» **Work item**: What you return must match the listing below character for character, minus any pictures.
▼▼▼
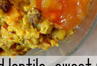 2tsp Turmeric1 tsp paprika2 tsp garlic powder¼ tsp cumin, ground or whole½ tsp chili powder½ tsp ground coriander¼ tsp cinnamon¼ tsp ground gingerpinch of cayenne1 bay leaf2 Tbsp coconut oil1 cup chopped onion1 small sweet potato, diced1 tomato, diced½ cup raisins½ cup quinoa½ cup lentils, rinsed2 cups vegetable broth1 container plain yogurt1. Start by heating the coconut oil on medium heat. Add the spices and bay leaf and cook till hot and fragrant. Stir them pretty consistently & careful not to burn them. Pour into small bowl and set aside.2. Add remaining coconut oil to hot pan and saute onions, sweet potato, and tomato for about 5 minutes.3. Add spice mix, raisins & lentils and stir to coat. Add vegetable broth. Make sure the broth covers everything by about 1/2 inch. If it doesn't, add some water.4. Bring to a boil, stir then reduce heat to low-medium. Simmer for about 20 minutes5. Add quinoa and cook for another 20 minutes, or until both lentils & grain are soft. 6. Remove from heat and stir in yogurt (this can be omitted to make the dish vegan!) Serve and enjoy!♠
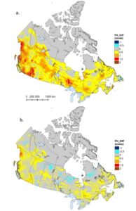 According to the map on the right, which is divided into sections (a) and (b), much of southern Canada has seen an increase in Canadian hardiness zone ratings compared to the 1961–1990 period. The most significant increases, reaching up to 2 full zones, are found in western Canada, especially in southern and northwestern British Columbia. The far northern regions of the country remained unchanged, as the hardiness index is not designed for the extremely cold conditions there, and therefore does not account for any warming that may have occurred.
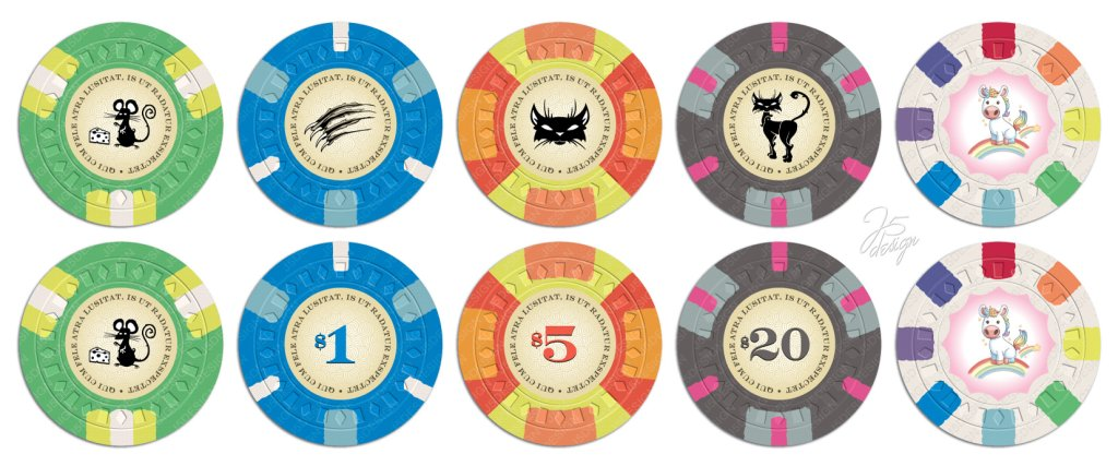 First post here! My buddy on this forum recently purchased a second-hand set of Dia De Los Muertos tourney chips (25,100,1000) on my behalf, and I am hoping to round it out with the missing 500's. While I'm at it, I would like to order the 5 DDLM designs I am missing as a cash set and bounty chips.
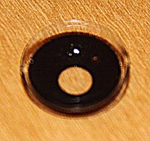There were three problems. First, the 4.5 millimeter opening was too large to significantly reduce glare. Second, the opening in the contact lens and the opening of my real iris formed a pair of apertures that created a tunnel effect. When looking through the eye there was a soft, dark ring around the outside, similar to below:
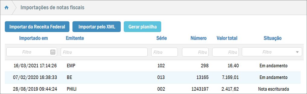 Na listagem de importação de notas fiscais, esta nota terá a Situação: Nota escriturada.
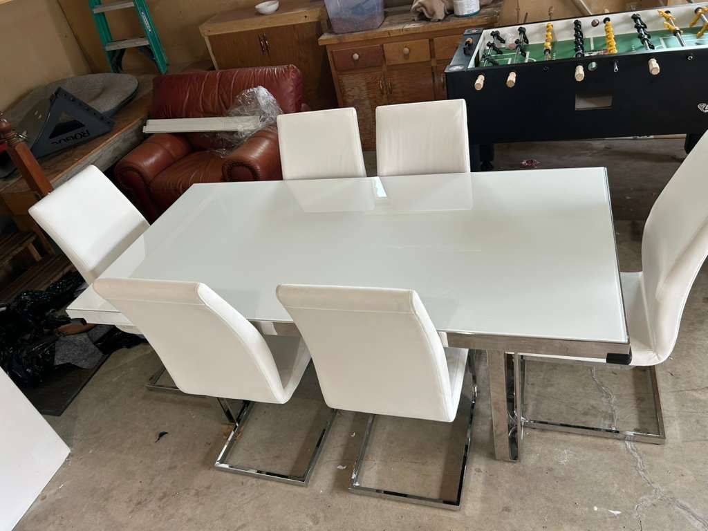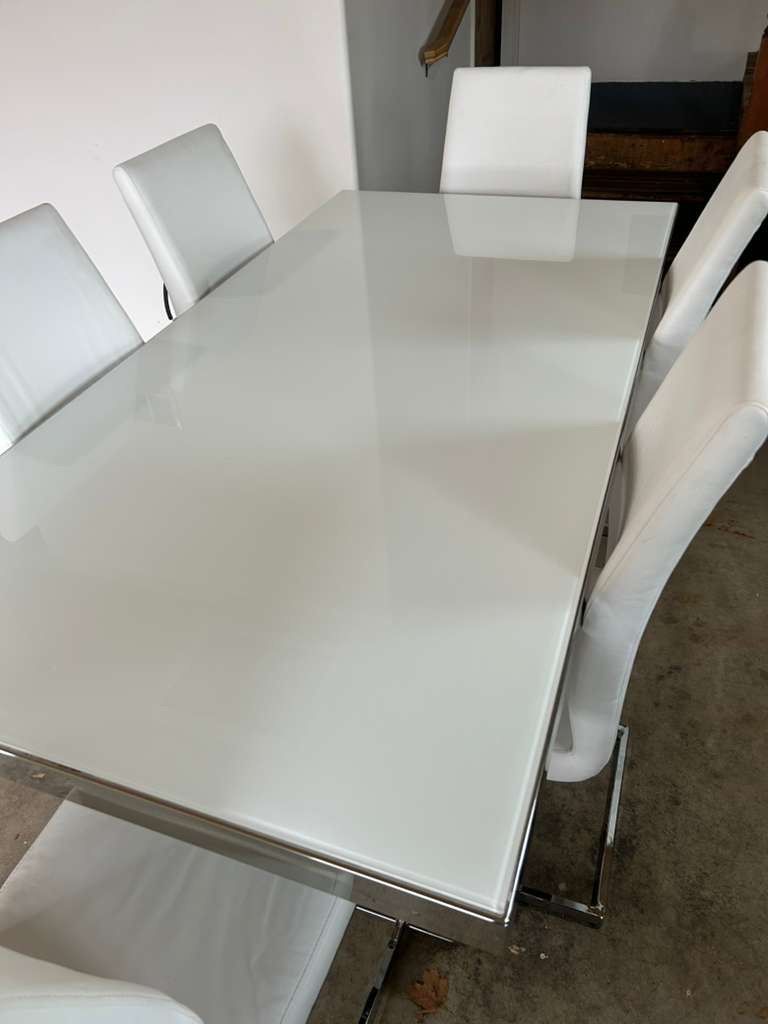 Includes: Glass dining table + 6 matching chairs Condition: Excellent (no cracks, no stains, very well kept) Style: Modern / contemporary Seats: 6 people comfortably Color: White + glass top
▲▲▲
» **Answer box**:
 2tsp Turmeric1 tsp paprika2 tsp garlic powder¼ tsp cumin, ground or whole½ tsp chili powder½ tsp ground coriander¼ tsp cinnamon¼ tsp ground gingerpinch of cayenne1 bay leaf2 Tbsp coconut oil1 cup chopped onion1 small sweet potato, diced1 tomato, diced½ cup raisins½ cup quinoa½ cup lentils, rinsed2 cups vegetable broth1 container plain yogurt1. Start by heating the coconut oil on medium heat. Add the spices and bay leaf and cook till hot and fragrant. Stir them pretty consistently & careful not to burn them. Pour into small bowl and set aside.2. Add remaining coconut oil to hot pan and saute onions, sweet potato, and tomato for about 5 minutes.3. Add spice mix, raisins & lentils and stir to coat. Add vegetable broth. Make sure the broth covers everything by about 1/2 inch. If it doesn't, add some water.4. Bring to a boil, stir then reduce heat to low-medium. Simmer for about 20 minutes5. Add quinoa and cook for another 20 minutes, or until both lentils & grain are soft. 6. Remove from heat and stir in yogurt (this can be omitted to make the dish vegan!) Serve and enjoy!♠
 According to the map on the right, which is divided into sections (a) and (b), much of southern Canada has seen an increase in Canadian hardiness zone ratings compared to the 1961–1990 period. The most significant increases, reaching up to 2 full zones, are found in western Canada, especially in southern and northwestern British Columbia. The far northern regions of the country remained unchanged, as the hardiness index is not designed for the extremely cold conditions there, and therefore does not account for any warming that may have occurred.
 First post here! My buddy on this forum recently purchased a second-hand set of Dia De Los Muertos tourney chips (25,100,1000) on my behalf, and I am hoping to round it out with the missing 500's. While I'm at it, I would like to order the 5 DDLM designs I am missing as a cash set and bounty chips.
There were three problems. First, the 4.5 millimeter opening was too large to significantly reduce glare. Second, the opening in the contact lens and the opening of my real iris formed a pair of apertures that created a tunnel effect. When looking through the eye there was a soft, dark ring around the outside, similar to below:
 Na listagem de importação de notas fiscais, esta nota terá a Situação: Nota escriturada.
 Includes: Glass dining table + 6 matching chairs Condition: Excellent (no cracks, no stains, very well kept) Style: Modern / contemporary Seats: 6 people comfortably Color: White + glass top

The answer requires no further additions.